Fusion von GM und Renault-Nissan
Ghosn und Wagoner gehen auf Distanz

Mehr als 375 Aussteller zeigen auf dem Pariser Autosalon in den kommenden zwei Wochen ihre neuesten Modelle – 60 Weltpremieren sind angekündigt. Doch das beherrschende Thema ist ein anderes: Die geplante Allianz von General Motors und Renault-Nissan. Die Gespräche der beiden Autohersteller stehen vor der Zerreißprobe.

PARIS. Einen Tag nach einem Spitzengespräch über eine mögliche Dreier-Allianz zwischen den Autobauern General Motors (GM) und Renault-Nissan haben die beiden Spitzenmanager erstmals Differenzen über ein Bündnis eingeräumt. Die drei Hersteller versuchten, die Differenzen untereinander zu überbrücken, sagte Renault-Nissan-Chef Carlos Ghosn am Rande des Pariser Autosalons. Die Standpunkte lägen nicht allzu weit auseinander.
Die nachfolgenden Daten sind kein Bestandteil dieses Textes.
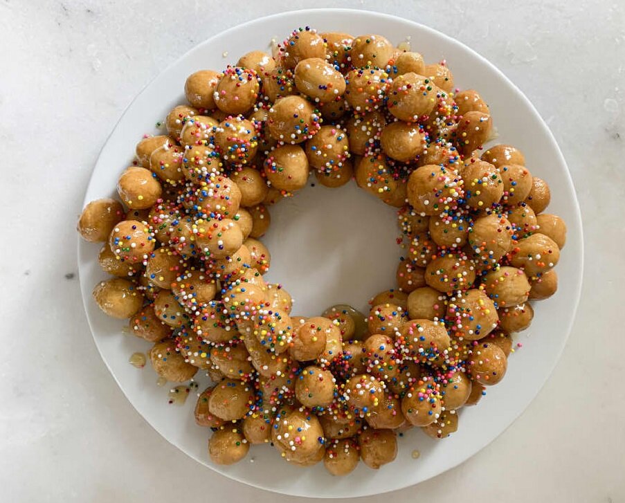 Все мы любим торт "муравьиная горка", или в простонародии "муравейник", но не все знают, что рецепт берет свое начало из американского десерта "Струффоли"! Струффоли - классический итальянско-американский десерт, приготовленный во время Рождества. Крошечные шарики из теста обжариваются до золотисто-коричневого цвета, заливаются липко-сладким медовым сиропом, а затем украшаются радужной посыпкой. Вы найдете эти сверкающие холмики на любом Американском столе в рождественскую пору. Советы по жарке струффоли Обжарка во фритюре - вот что придает шарикам штруффоли восхитительный аромат и легкую текстуру, но в варианте Русской или Итальянской кухне чаще используют духовку. Для гарантированного успеха нужно помнить о нескольких вещах. Подготовьте противень, застеленный бумажным полотенцем, и переложите на него приготовленные шарики. А затем нужно дождаться пока шарики станут золотисто коричневыми. С помощью шумовки или металлического паука перемешайте шарики и аккуратно поднимите готовые шарик

Branchenbeobachter haben jedoch einen anderen Eindruck. Nach Informationen aus Unternehmenskreisen stehen die Gespräche wegen einer Milliardenforderung von GM an Renault-Nissan vor einer Zerreißprobe: GM pocht offenbar auf eine Kompensationszahlung, da bei einer Allianz mit Renault-Nissan drei Viertel der Synergien in Milliardenhöhe auf Seiten des französisch-japanischen Verbundes anfielen. General-Motors-Chef Rick Wagoner wollte dies nicht kommentieren. Er sei aber absolut zuversichtlich, dass GM auch ohne eine Allianz mit Renault-Nissan überleben könne, spielte er vor Journalisten die Bedeutung eines solchen Bündnisses herunter.

Auf der anderen Seite beharrte GM-Großaktionär Kirk Kerkorian, der im Juni den Anstoß für die Gespräche gegeben hatte, er sehe weiter großes Potenzial für ein Bündnis. Seine Beteiligungsgesellschaft Tracinda kündigte an, sie erwäge, ihre Anteile an GM um weitere zwölf Millionen Aktien aufzustocken.

Ghosn wiederum will von Zahlungen an GM nichts wissen: „Ich halte nichts von Kompensationen. Wenn ein Ingenieur arbeitet und der andere nicht, können sie nicht vom ersten verlangen, den Zweiten zu kompensieren.“ Der Renault-Nissan-Chef schloss bereits einen zweiten Anlauf zu einer Allianz mit dem GM-Konkurrenten Ford nicht mehr aus.

Derweil prüfen Arbeitsgruppen von GM, Renault und Nissan die Vorteile einer Zusammenarbeit. Die Ergebnisse sollen Ghosn und Wagoner am 15. Oktober vorgelegt werden. Der Verbund wäre mit einem Weltmarktanteil von 25 Prozent der größte Autoproduzent der Welt. Als Reaktion darauf hatte GM-Erzrivale Ford bereits seinerseits ein Bündnis mit Ghosn ins Spiel gebracht. Hierauf könnte dieser zurückgreifen, sollte die anstrebte Allianz mit GM scheitern. Ford-Europa-Chef John Fleming betonte allerdings in Paris, dass Ford unter keinem Druck stehe, eine neue Allianz einzugehen.